Indeed, sites across the Internet are constructing a narrative about Fox News that implies not only conservative bias, but a subconscious equation of Obama with Osama. A typo in the news scroll for a local Fox affiliate is receiving the most attention:
Image via The Huffington Post
Holding up Fox for ridicule while imputing a conscious (or perhaps subconscious) maliciousness to the mistake, a HuffPo writer snarkily remarks, "You know, we had almost forgotten how similar the names of our commander-in-chief and our #1 enemy happen to be. Thank you, Fox, for providing us with this helpful reminder!" An update to the original post links to another gaffe, this time verbal rather than visual. There's even a video on YouTube in which Fox reporter Geraldo Rivera claims "Obama is dead" before correcting himself.
The narrative these images allow Salon and HuffPo to advance is that not only is Fox News a biased media outlet promoting conservative views, but also that hatred of Obama runs so deeply there that it comes out as Freudian slips and subtle choices about page layout. Of course, while several of these mistakes appear on local affiliates, not the cable network channel, the fact that Fox News has provided a place for discussions such as the one featured below make such narratives easily believable to many people:
Image via BuzzFeed
One blogger, for example, calls Fox News a "horrible disgrace" based, it seems, entirely upon the Fox 40 mistaken news ticker. Fox 40, for its part, provided more a rebuttal than an apology in which it noted the ease with which typos can crop up while substantiating its claims with screenshots from 2 different ABC sites:
Screenshots via Fox40.com
Since, however, there's no existing narrative about ABC's bias, I suspect we won't see their mistakes or those from any other networks making the rounds nearly as regularly as the Fox News gaffes (except on Failblog).

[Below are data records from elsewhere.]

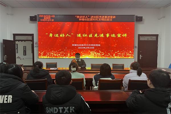 2月16日下午,钟楼社区邀请“身边好人”怀磊进社区宣讲先进事迹。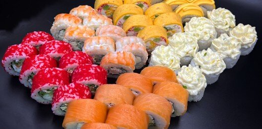 Ромео ,Филадельфия сырная ,королевский ,шеф ролл ,Аризона ,40 шт. Имбирь 2шт ,соевый 3шт ,васаби 30гр в комплекте .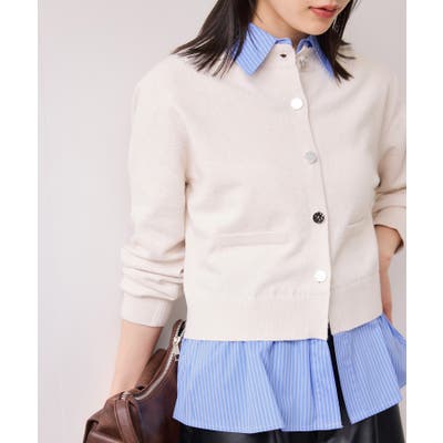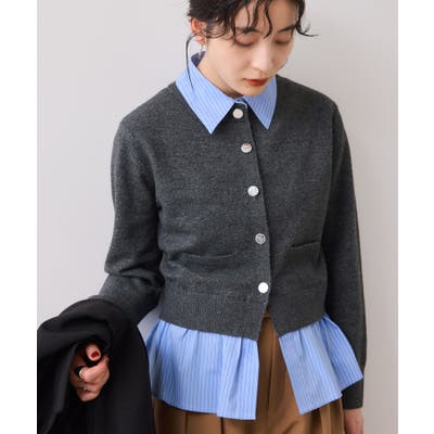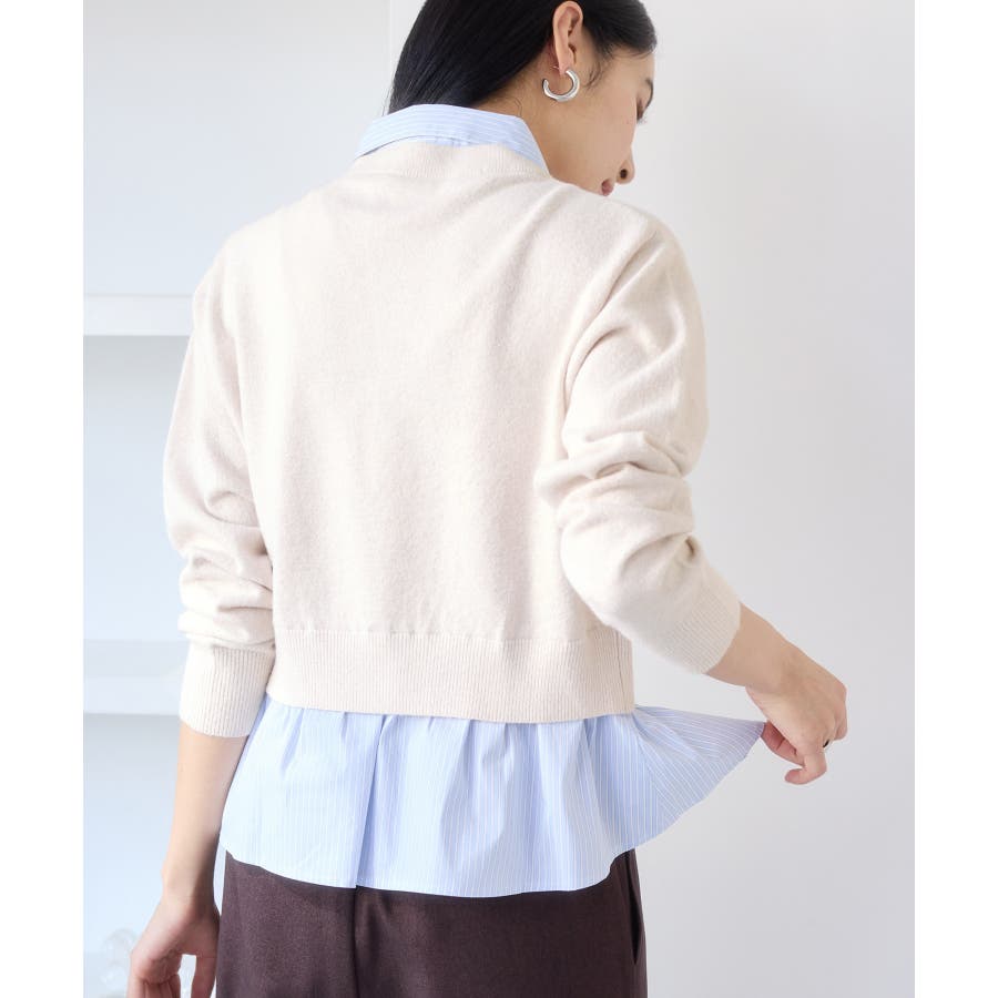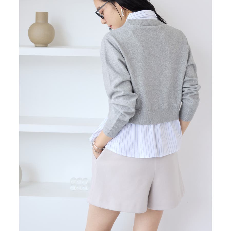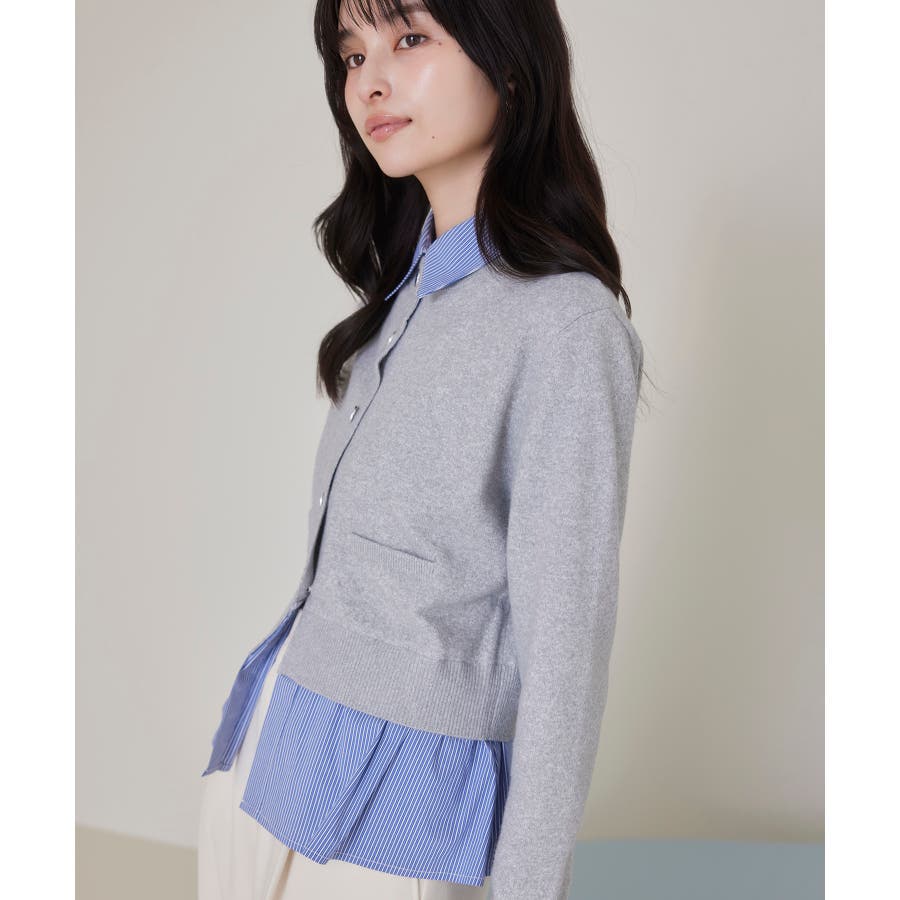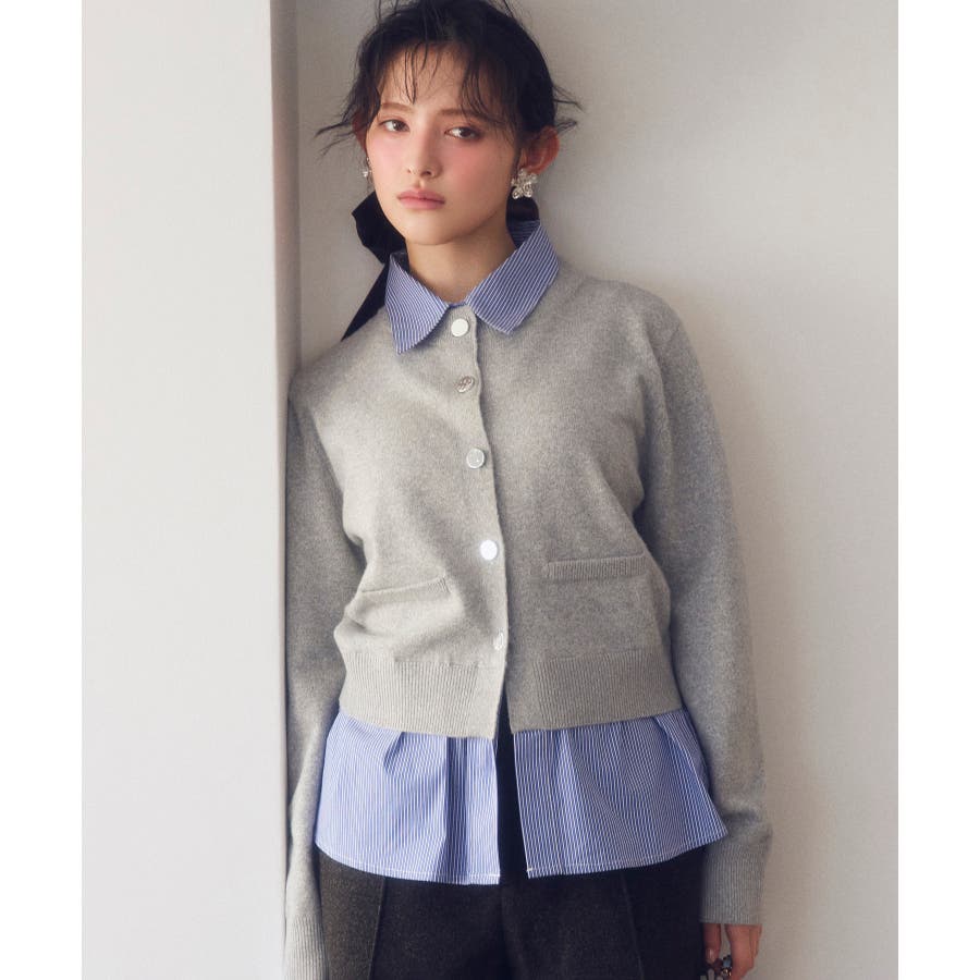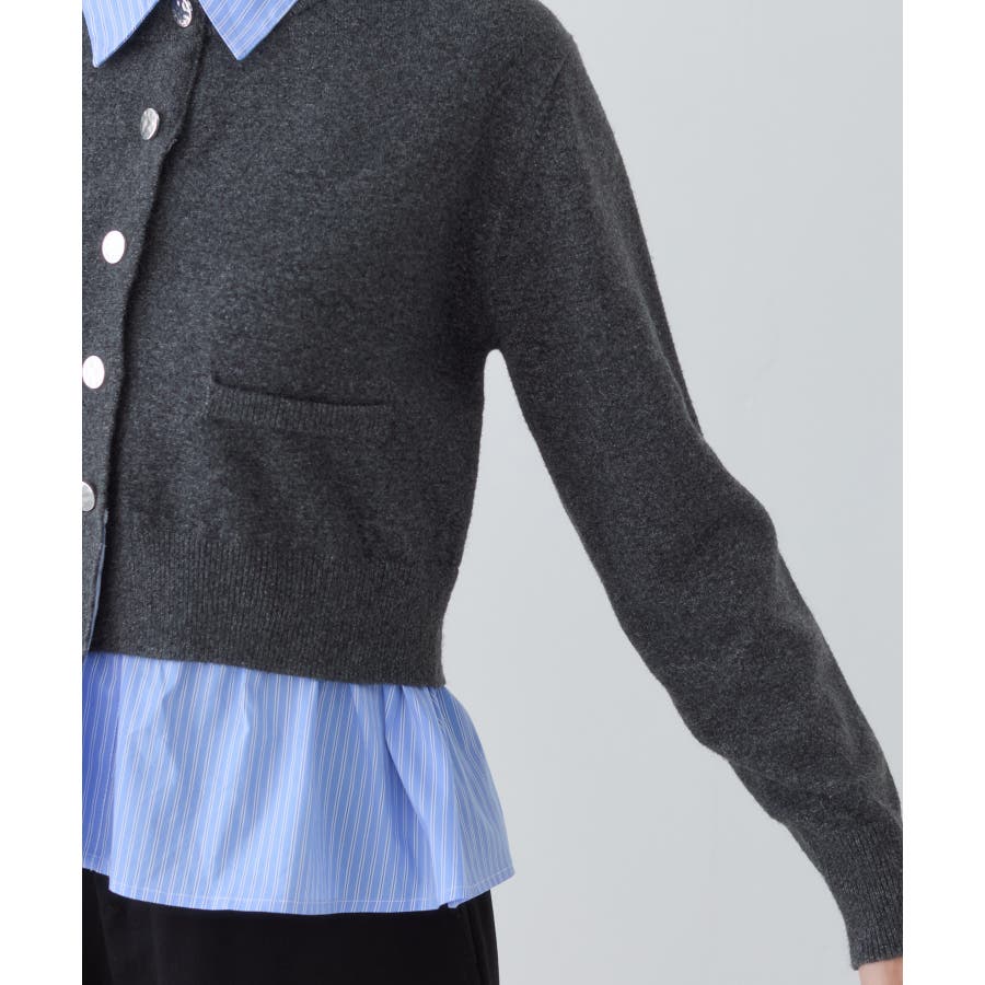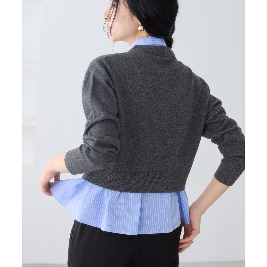 コンパクトシルエットのカーディガンにシャツをレイヤードしたデザインが1枚で完成されるニットトップス。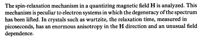 The spin-relaxation mechanism in a quantizing magnetic field Η is analyzed. This mechanism is peculiar to electron systems in which the degeneracy of the spectrum has been lifted. In crystals such as wurtzite, the relaxation time, measured in picoseconds, has an enormous anisotropy in the Η direction and an unusual field dependence.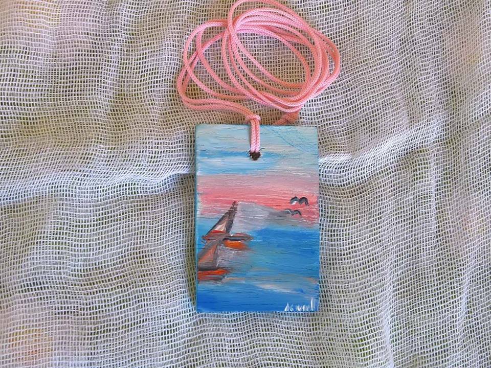 Κολιέ από ξύλο ζωγραφισμένα στο χέρι με ακρυλικά χρώματα και βερνίκι.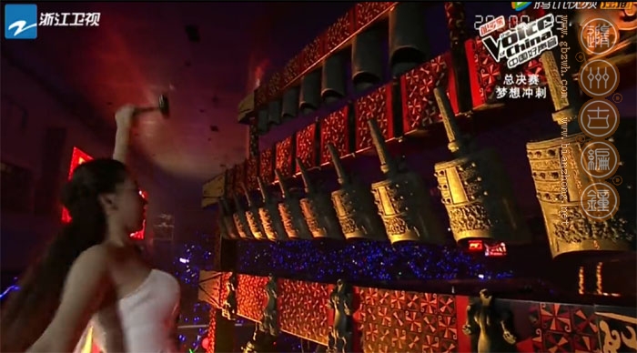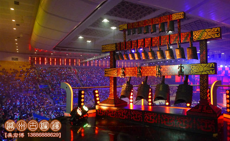 古編鐘公司受節(jié)目組委托將一套中型青銅編鐘運達活動現(xiàn)場,參加好聲音北京總決賽的開場部分,晚會以敲擊中國2400多年前的編鐘之聲開場,寓意中國文化底蘊豐厚,好聲音自古傳今,節(jié)目由此發(fā)掘出中國眾多好聲音學(xué)員,開創(chuàng)新一代造星之路。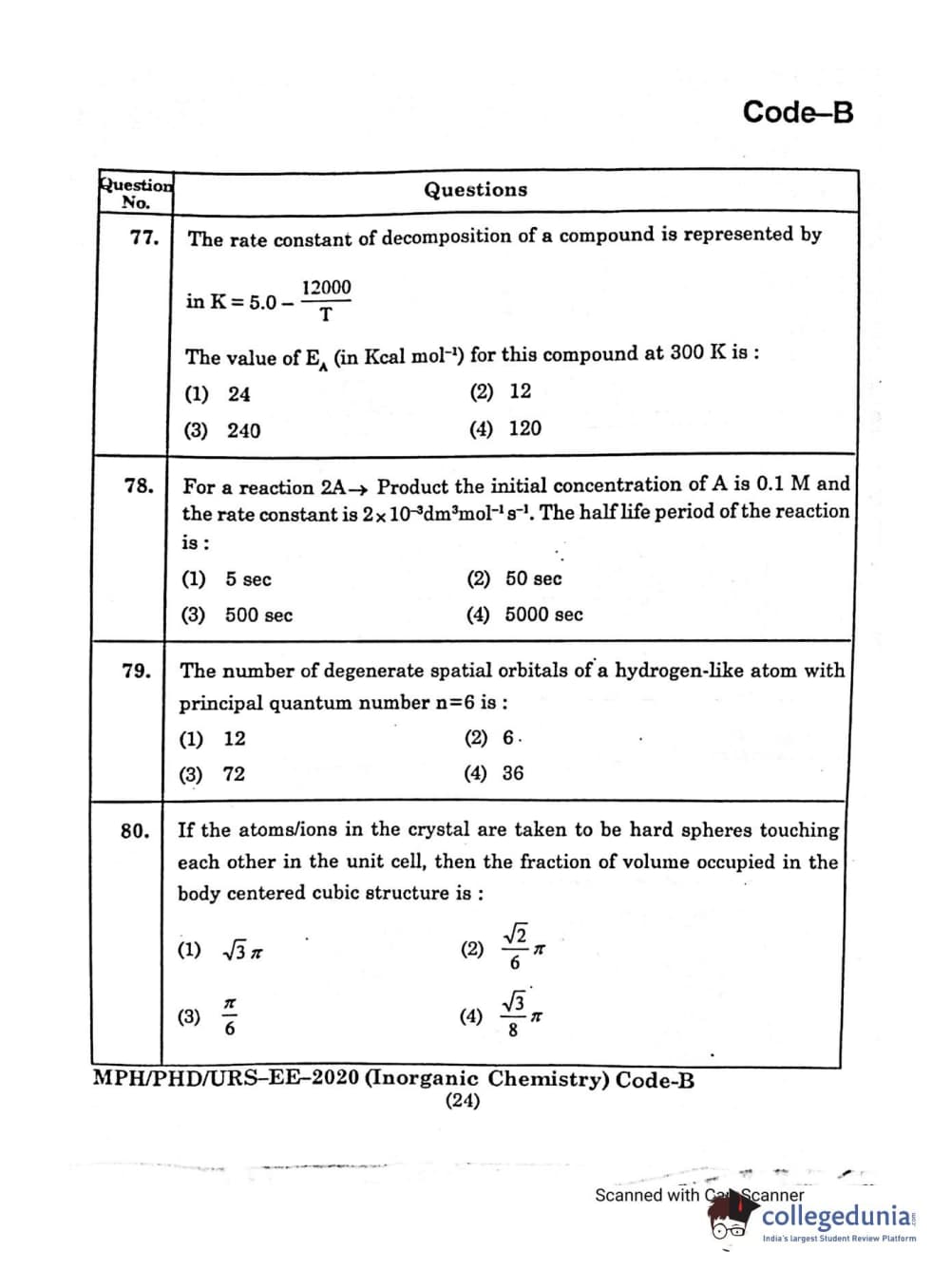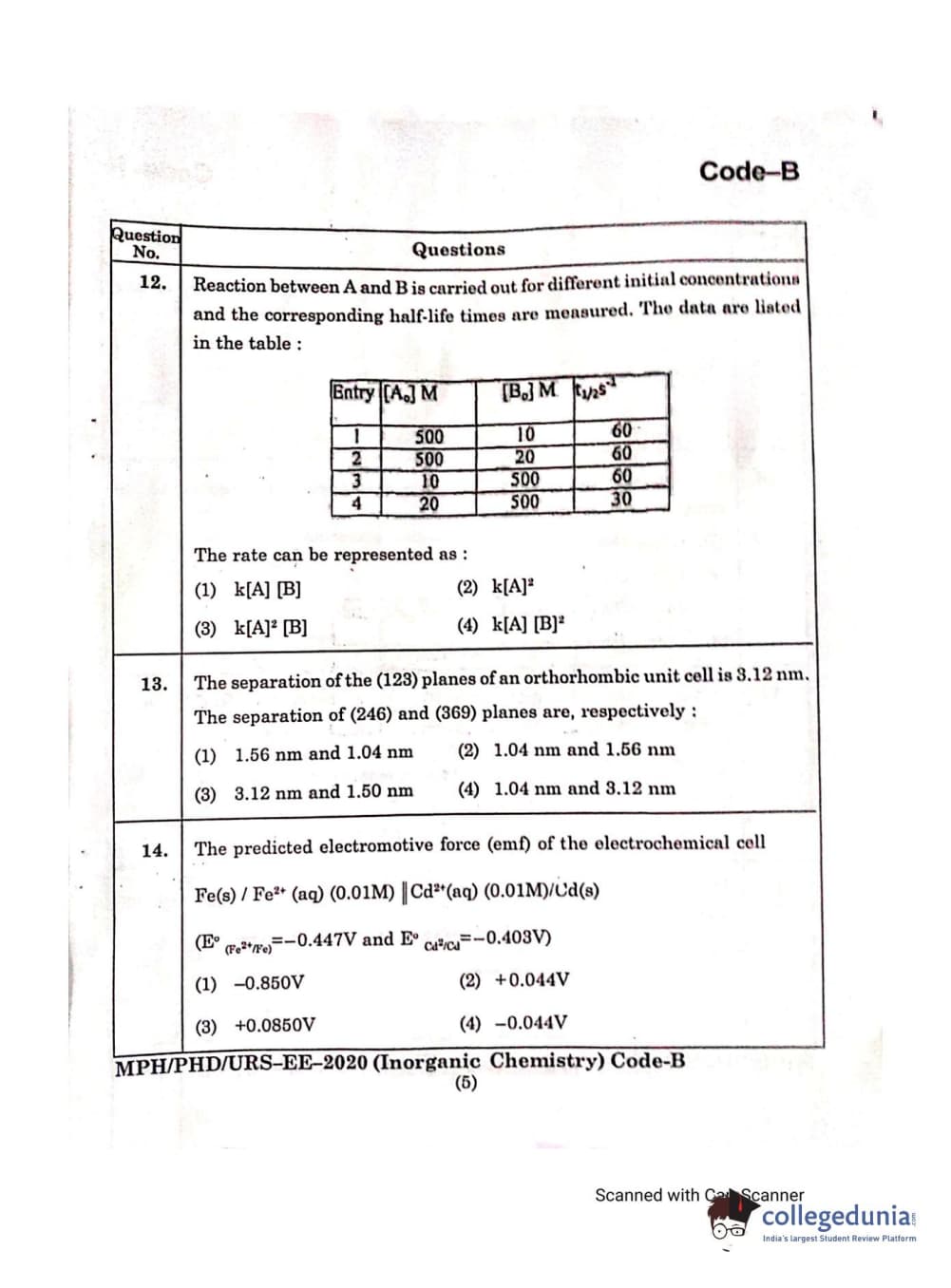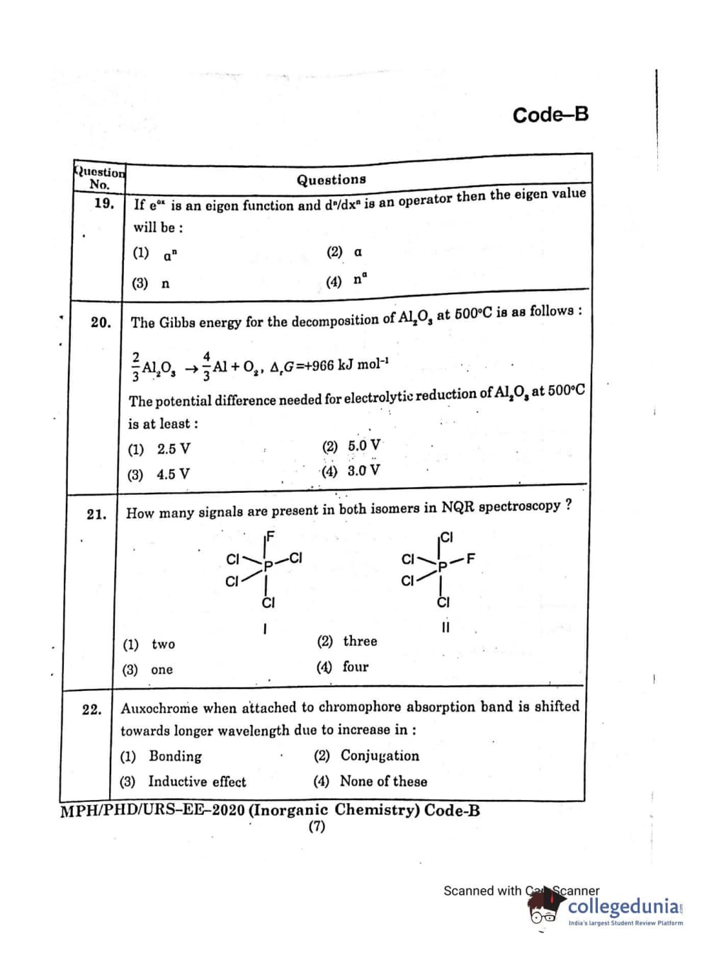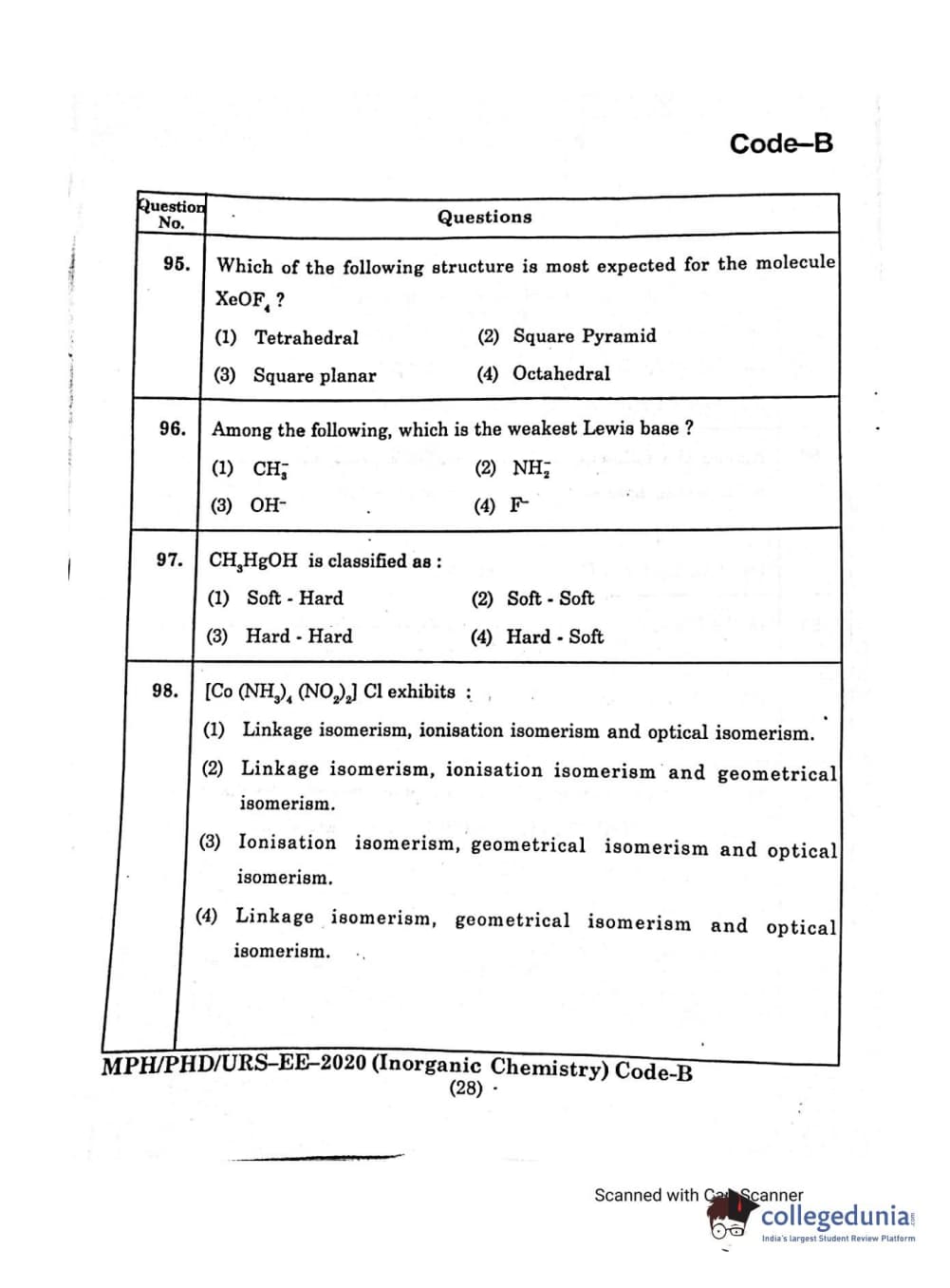 MDUCEE 2020 Ph.D./URS Chemistry Set B Question Paper with Answer Key PDFs

What I find particularly interesting about these intepretations is that they show visual analysis "in the wild" so to speak, the importance of ethos to interpretation, and the way images taken almost entirely out of context can provide such apparently persuasive support to banal conspiracy theories. These arguments assume that everything we see from a news outlet (particularly one with a reputation like Fox's) is indicative of central control and deep antipathy towards President Obama. The images thus reinforce and perpetuate a narrative even though human error can far more easily account for the mistakes.